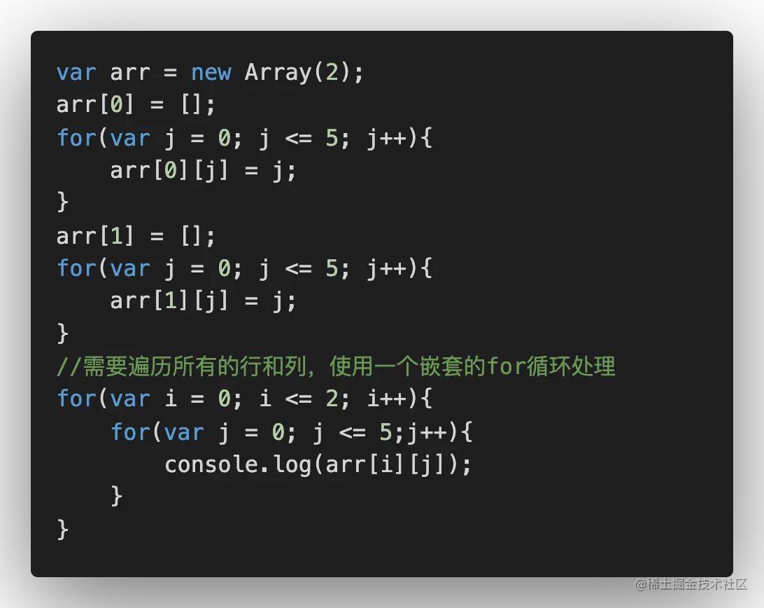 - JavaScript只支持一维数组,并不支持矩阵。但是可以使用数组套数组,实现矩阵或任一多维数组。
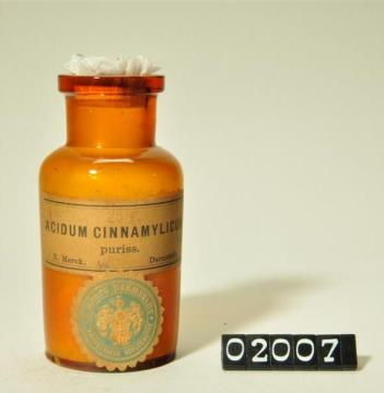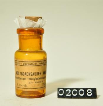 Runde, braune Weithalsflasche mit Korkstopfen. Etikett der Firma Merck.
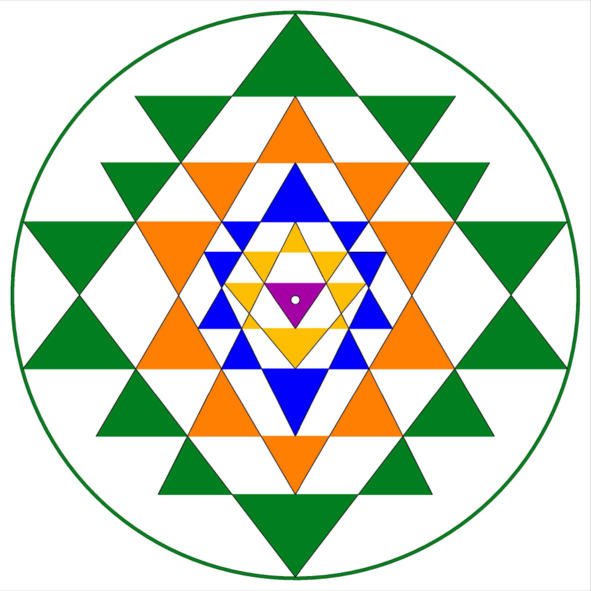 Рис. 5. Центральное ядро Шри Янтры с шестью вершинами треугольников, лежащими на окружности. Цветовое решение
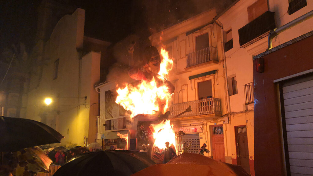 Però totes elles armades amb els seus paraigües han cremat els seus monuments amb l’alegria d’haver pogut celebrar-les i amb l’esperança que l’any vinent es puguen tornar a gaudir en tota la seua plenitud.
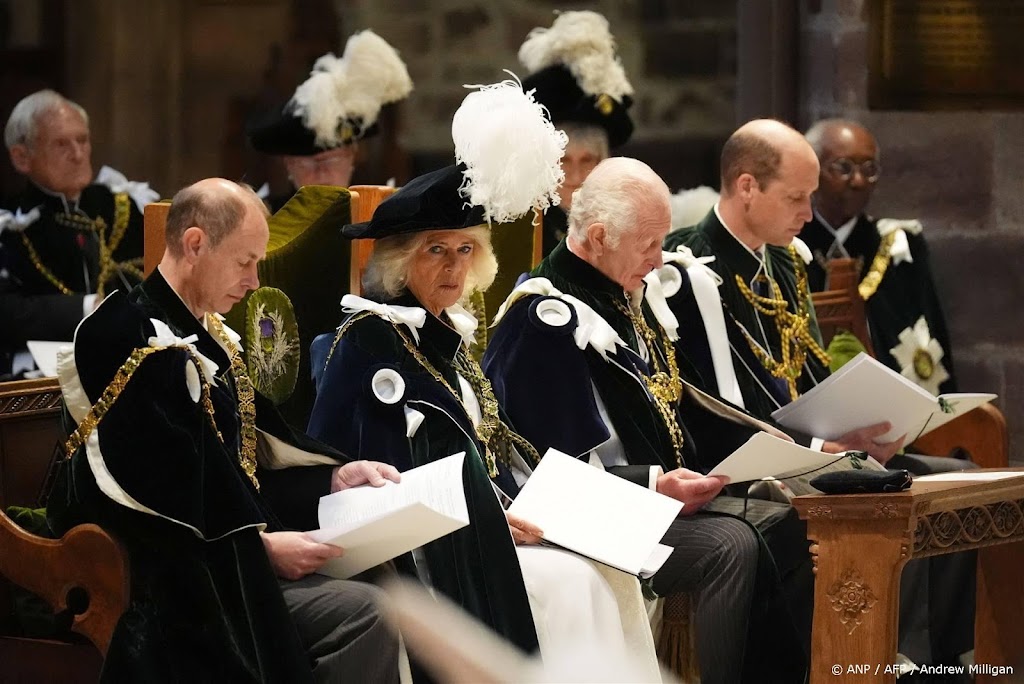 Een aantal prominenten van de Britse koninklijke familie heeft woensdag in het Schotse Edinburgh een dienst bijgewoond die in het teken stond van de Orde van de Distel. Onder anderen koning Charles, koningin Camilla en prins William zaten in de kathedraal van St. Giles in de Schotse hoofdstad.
____________
Omit the pictures, then quote the rest of the material above exactly.

### SOLVED EXERCISE
 - JavaScript只支持一维数组,并不支持矩阵。但是可以使用数组套数组,实现矩阵或任一多维数组。
 Runde, braune Weithalsflasche mit Korkstopfen. Etikett der Firma Merck.
 Рис. 5. Центральное ядро Шри Янтры с шестью вершинами треугольников, лежащими на окружности. Цветовое решение
 Però totes elles armades amb els seus paraigües han cremat els seus monuments amb l’alegria d’haver pogut celebrar-les i amb l’esperança que l’any vinent es puguen tornar a gaudir en tota la seua plenitud.
 Een aantal prominenten van de Britse koninklijke familie heeft woensdag in het Schotse Edinburgh een dienst bijgewoond die in het teken stond van de Orde van de Distel. Onder anderen koning Charles, koningin Camilla en prins William zaten in de kathedraal van St. Giles in de Schotse hoofdstad.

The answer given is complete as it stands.